REQUIRED ACTION → Extract every line between the one with "1966 Topps #140 Jim Maloney 1 - POOR" and the end of the entries, both included, word for word and free of pictures.

Stored data entries
----

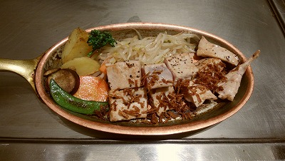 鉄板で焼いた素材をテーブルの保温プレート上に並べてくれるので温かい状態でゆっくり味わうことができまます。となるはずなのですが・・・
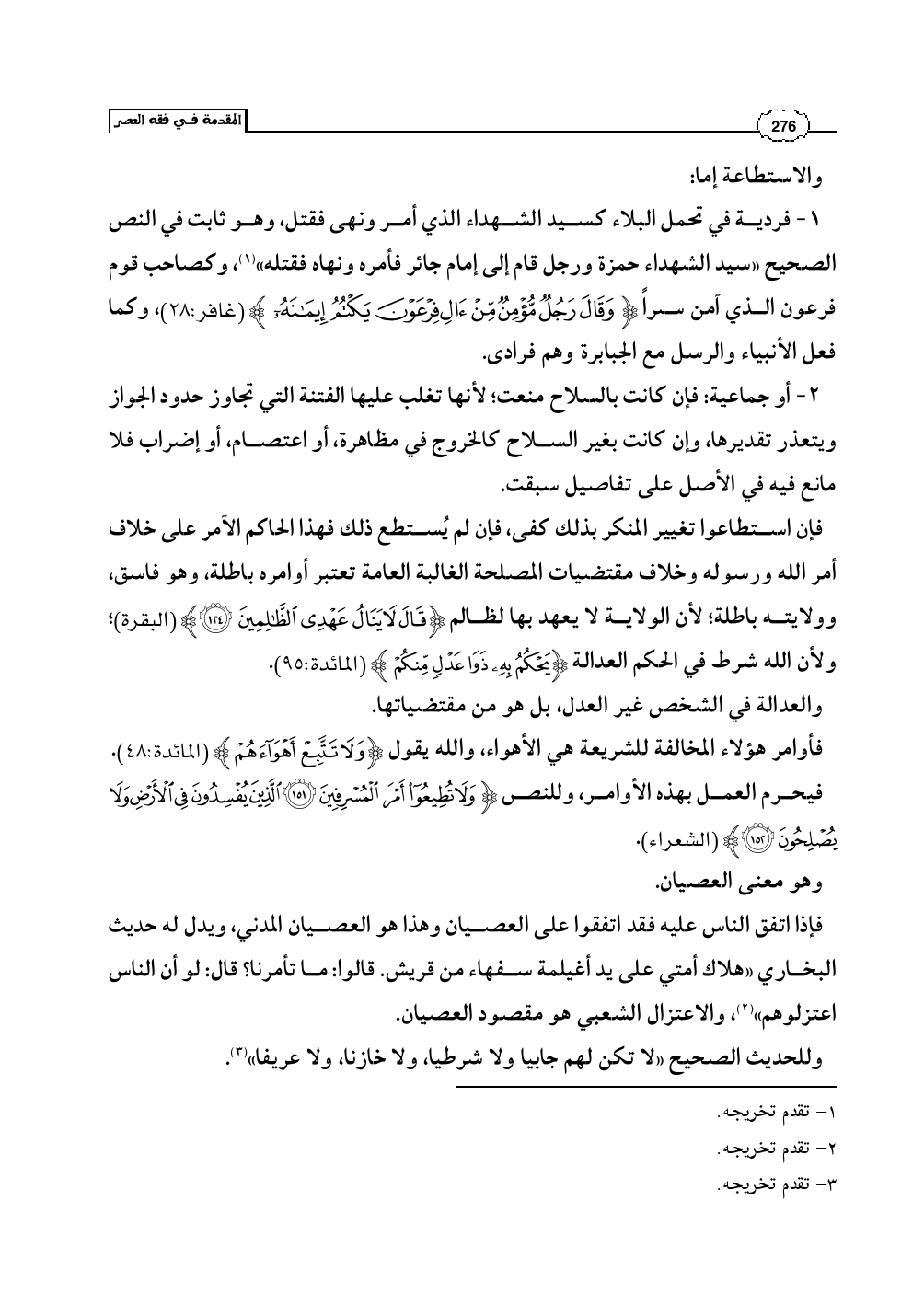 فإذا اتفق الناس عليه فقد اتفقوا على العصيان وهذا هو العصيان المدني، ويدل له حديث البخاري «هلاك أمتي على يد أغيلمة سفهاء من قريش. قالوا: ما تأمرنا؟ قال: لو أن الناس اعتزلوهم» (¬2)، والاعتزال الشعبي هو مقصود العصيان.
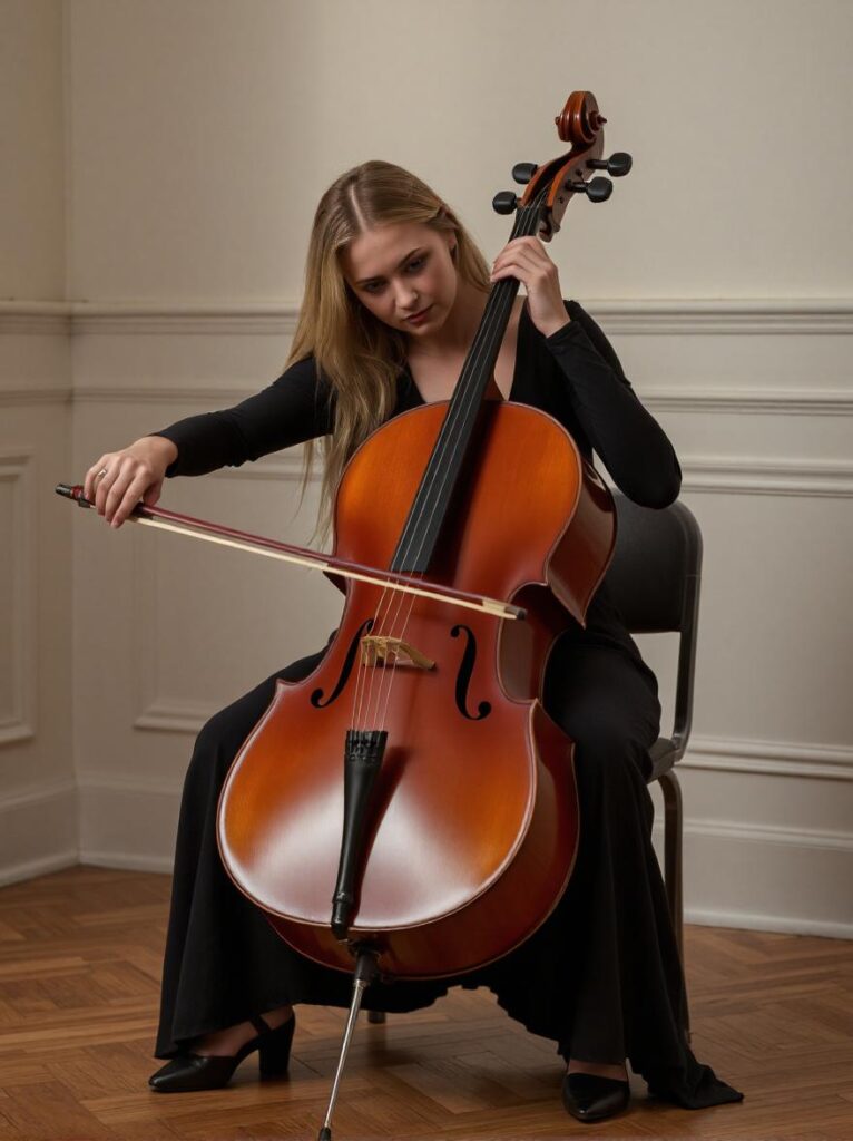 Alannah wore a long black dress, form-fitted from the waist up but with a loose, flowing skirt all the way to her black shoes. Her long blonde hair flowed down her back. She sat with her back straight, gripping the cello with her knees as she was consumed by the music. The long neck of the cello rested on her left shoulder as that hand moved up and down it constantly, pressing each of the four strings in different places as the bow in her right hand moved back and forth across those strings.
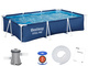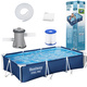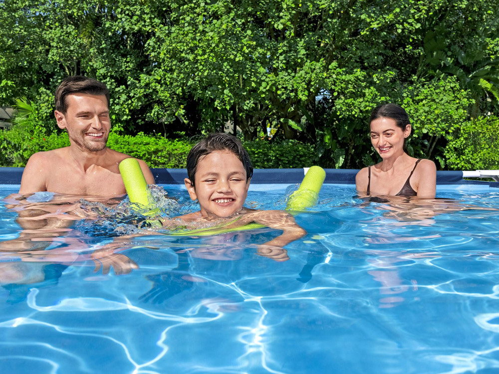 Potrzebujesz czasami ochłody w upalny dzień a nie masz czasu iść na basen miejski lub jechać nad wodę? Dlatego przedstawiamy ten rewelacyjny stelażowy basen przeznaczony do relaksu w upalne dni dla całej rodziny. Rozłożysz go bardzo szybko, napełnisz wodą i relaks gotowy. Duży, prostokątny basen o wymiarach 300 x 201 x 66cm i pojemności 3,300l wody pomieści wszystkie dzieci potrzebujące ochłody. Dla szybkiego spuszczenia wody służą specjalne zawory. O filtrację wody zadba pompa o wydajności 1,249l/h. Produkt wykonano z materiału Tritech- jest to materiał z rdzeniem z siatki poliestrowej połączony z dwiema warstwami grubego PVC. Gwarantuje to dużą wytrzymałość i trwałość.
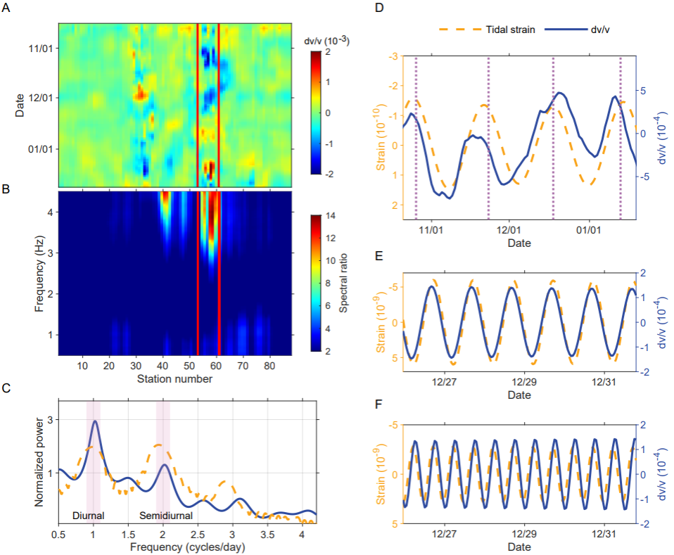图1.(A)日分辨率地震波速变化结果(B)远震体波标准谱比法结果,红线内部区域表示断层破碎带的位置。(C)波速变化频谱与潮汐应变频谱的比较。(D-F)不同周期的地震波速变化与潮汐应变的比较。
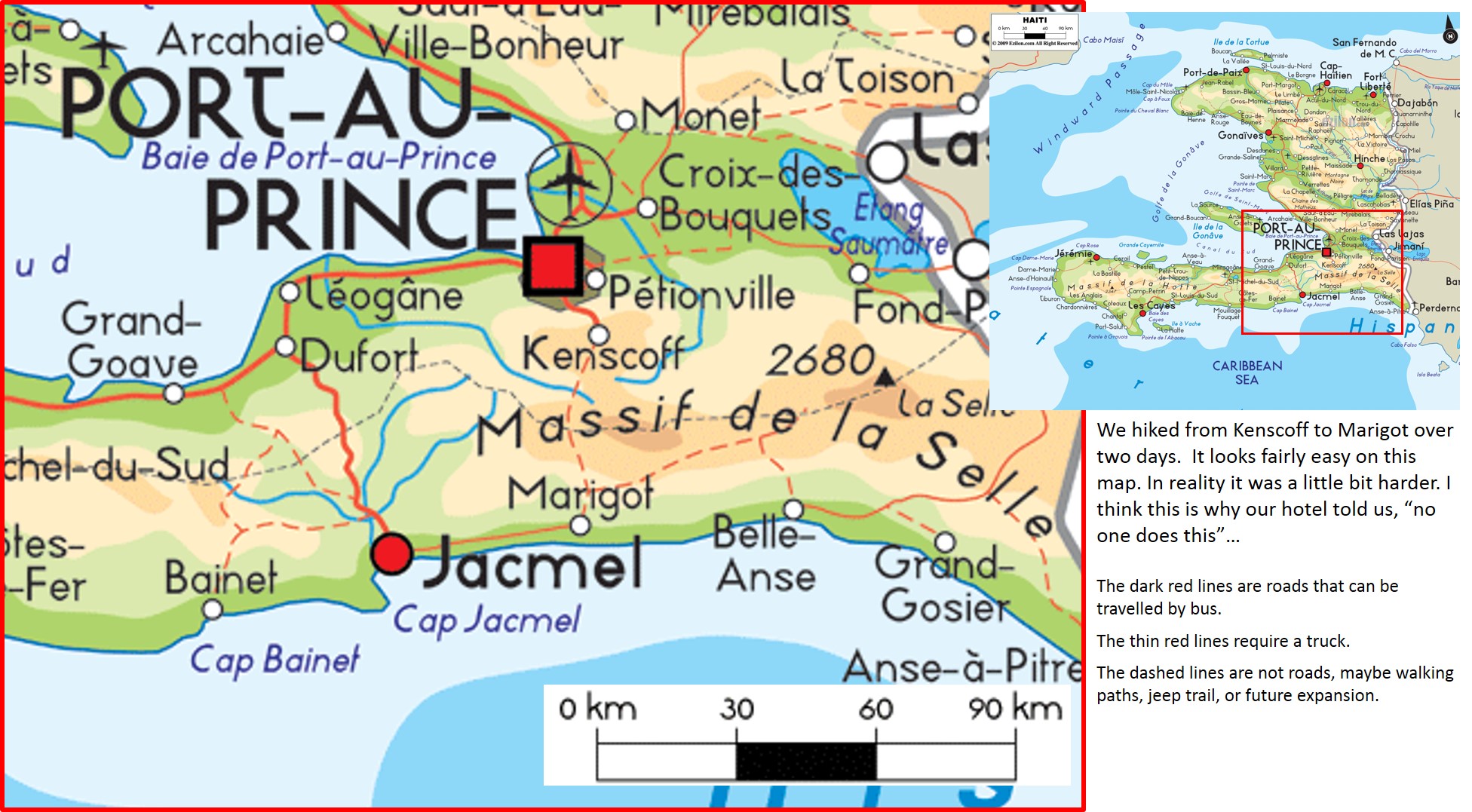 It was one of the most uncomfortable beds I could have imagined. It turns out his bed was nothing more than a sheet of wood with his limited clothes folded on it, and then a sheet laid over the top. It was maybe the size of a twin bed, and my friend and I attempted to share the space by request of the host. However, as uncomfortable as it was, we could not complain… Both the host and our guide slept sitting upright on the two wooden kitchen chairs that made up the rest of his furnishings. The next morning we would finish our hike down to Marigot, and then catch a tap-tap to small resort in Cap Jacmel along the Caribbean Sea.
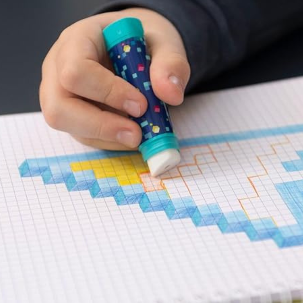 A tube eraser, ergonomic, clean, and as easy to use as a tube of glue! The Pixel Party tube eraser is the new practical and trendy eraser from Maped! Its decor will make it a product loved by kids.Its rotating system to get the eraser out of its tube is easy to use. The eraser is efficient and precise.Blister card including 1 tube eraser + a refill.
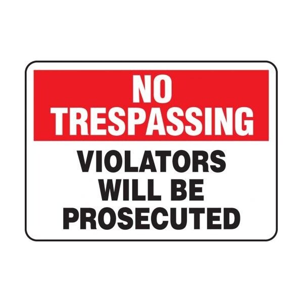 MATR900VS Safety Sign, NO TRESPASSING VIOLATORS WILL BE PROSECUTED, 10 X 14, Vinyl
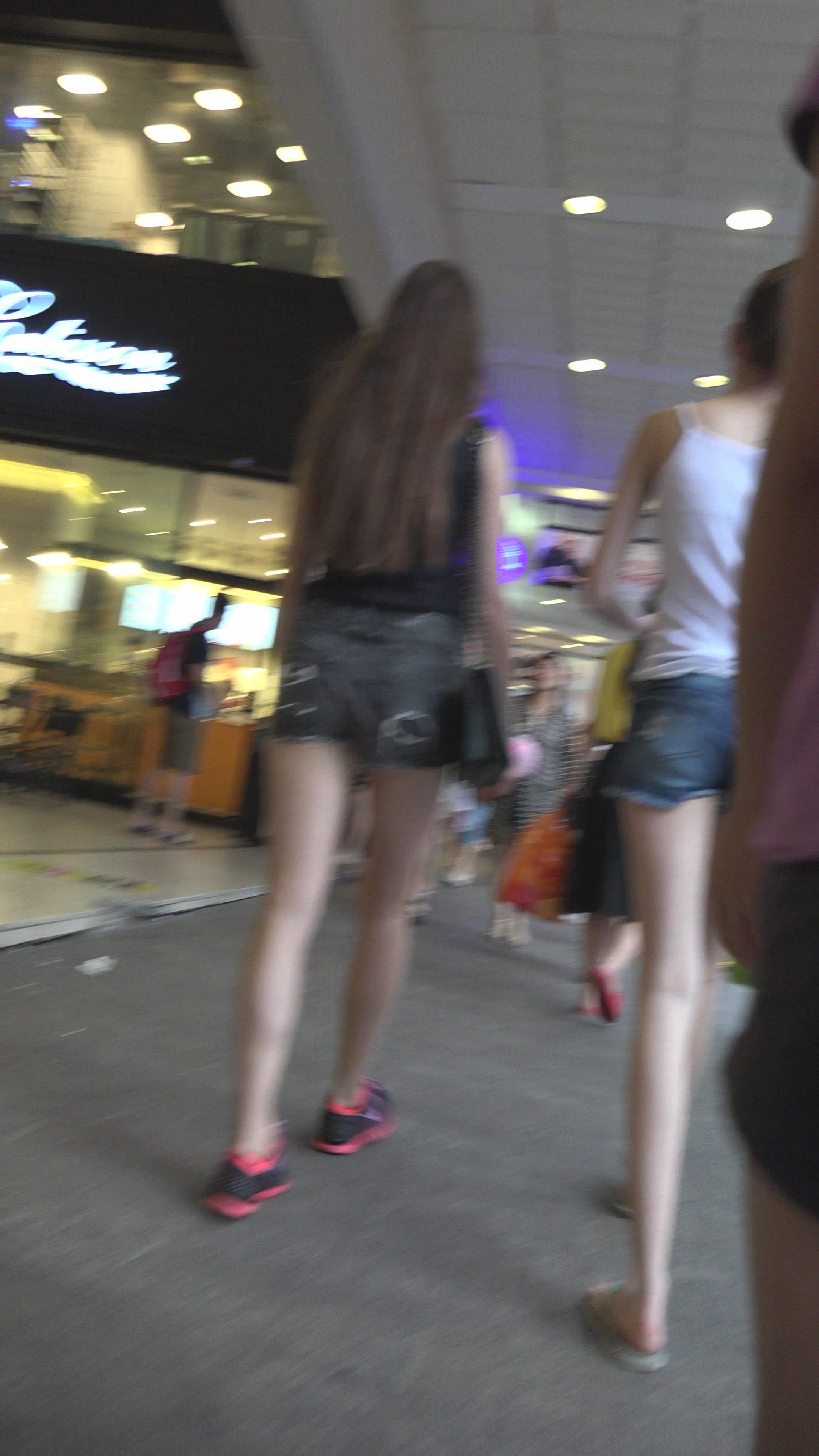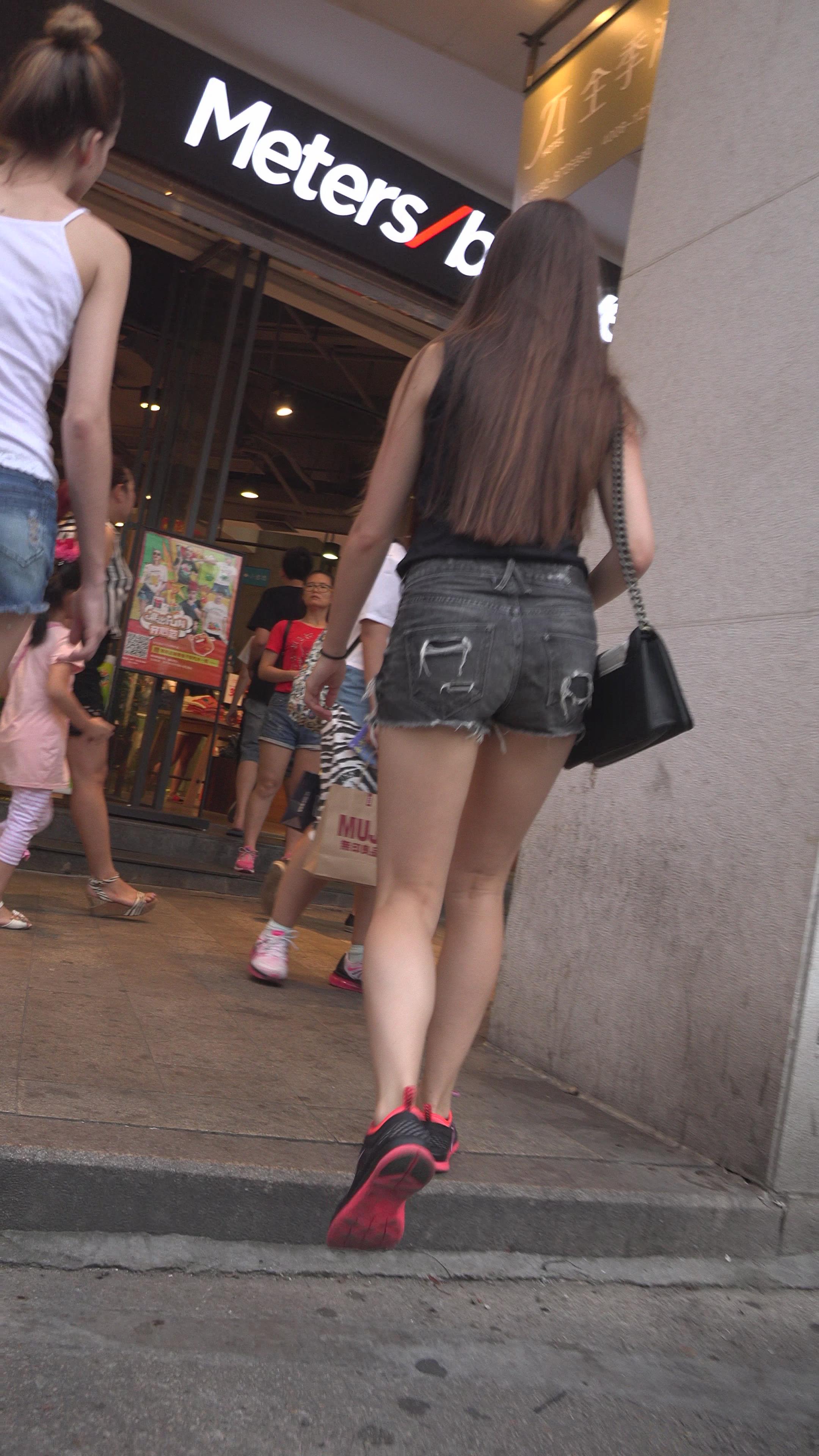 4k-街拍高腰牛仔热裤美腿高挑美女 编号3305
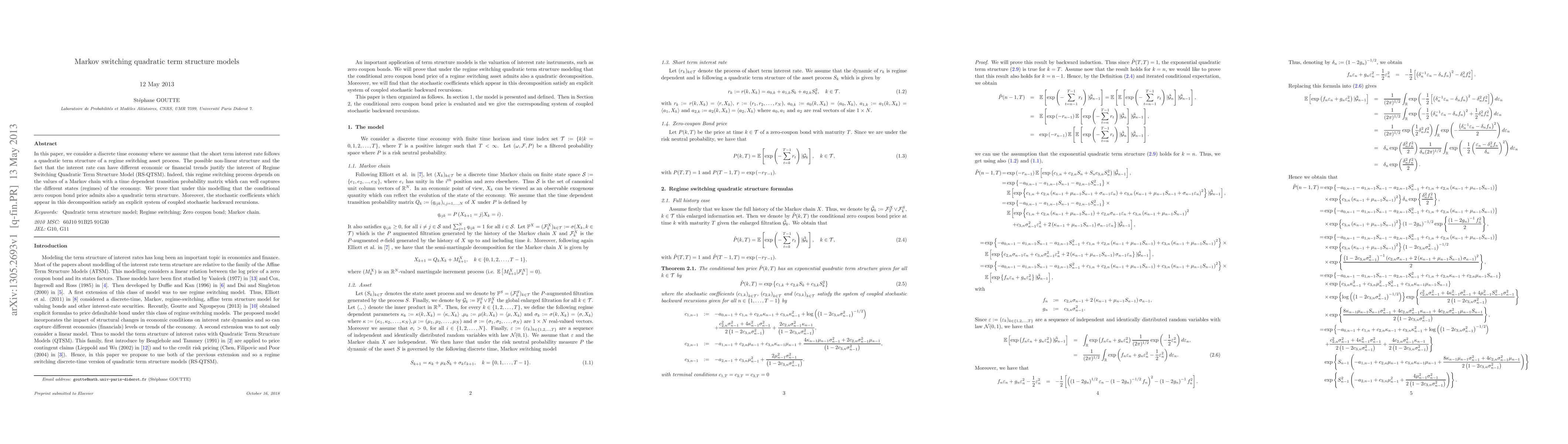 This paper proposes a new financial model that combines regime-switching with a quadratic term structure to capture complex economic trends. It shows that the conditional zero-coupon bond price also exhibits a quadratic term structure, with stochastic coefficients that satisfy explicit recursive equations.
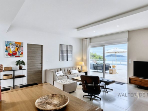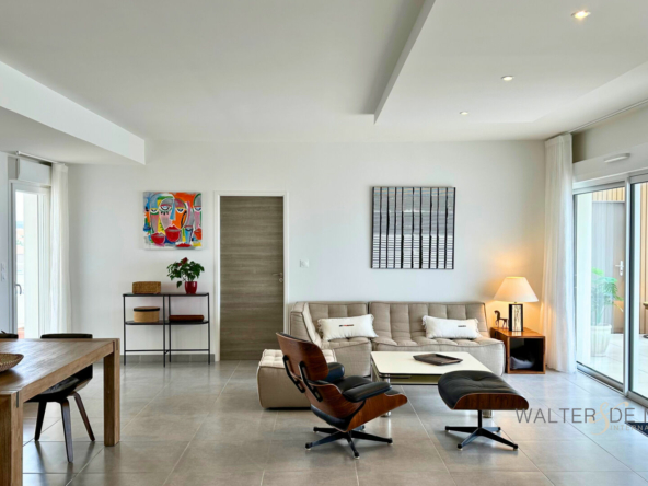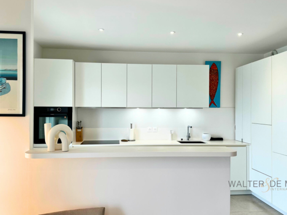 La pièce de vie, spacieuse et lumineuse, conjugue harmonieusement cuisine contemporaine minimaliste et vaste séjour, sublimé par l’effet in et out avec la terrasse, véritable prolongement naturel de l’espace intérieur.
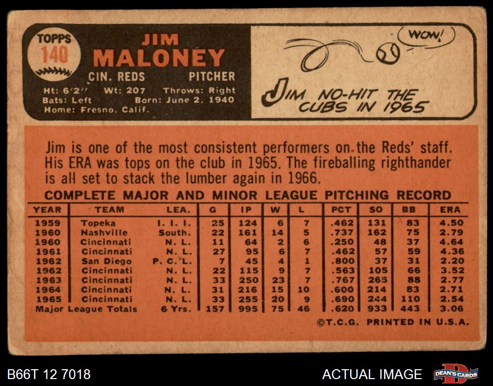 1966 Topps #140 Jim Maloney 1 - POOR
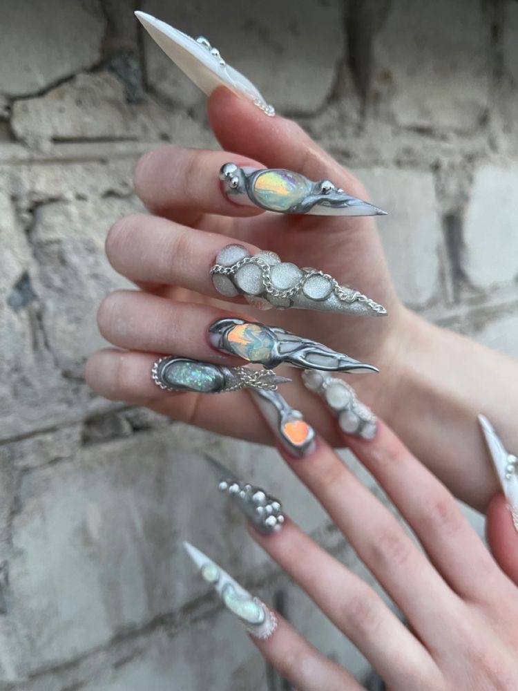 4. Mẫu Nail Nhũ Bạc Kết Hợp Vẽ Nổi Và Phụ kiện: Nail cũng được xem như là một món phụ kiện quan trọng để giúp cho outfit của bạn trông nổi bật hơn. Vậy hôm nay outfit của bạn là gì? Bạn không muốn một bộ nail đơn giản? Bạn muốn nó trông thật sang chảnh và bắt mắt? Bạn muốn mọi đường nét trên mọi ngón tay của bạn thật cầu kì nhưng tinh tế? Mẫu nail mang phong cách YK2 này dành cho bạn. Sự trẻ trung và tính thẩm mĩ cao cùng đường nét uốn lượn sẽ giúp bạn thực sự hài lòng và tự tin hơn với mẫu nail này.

----

EXERCISE RESULT →
 1966 Topps #140 Jim Maloney 1 - POOR
 4. Mẫu Nail Nhũ Bạc Kết Hợp Vẽ Nổi Và Phụ kiện: Nail cũng được xem như là một món phụ kiện quan trọng để giúp cho outfit của bạn trông nổi bật hơn. Vậy hôm nay outfit của bạn là gì? Bạn không muốn một bộ nail đơn giản? Bạn muốn nó trông thật sang chảnh và bắt mắt? Bạn muốn mọi đường nét trên mọi ngón tay của bạn thật cầu kì nhưng tinh tế? Mẫu nail mang phong cách YK2 này dành cho bạn. Sự trẻ trung và tính thẩm mĩ cao cùng đường nét uốn lượn sẽ giúp bạn thực sự hài lòng và tự tin hơn với mẫu nail này.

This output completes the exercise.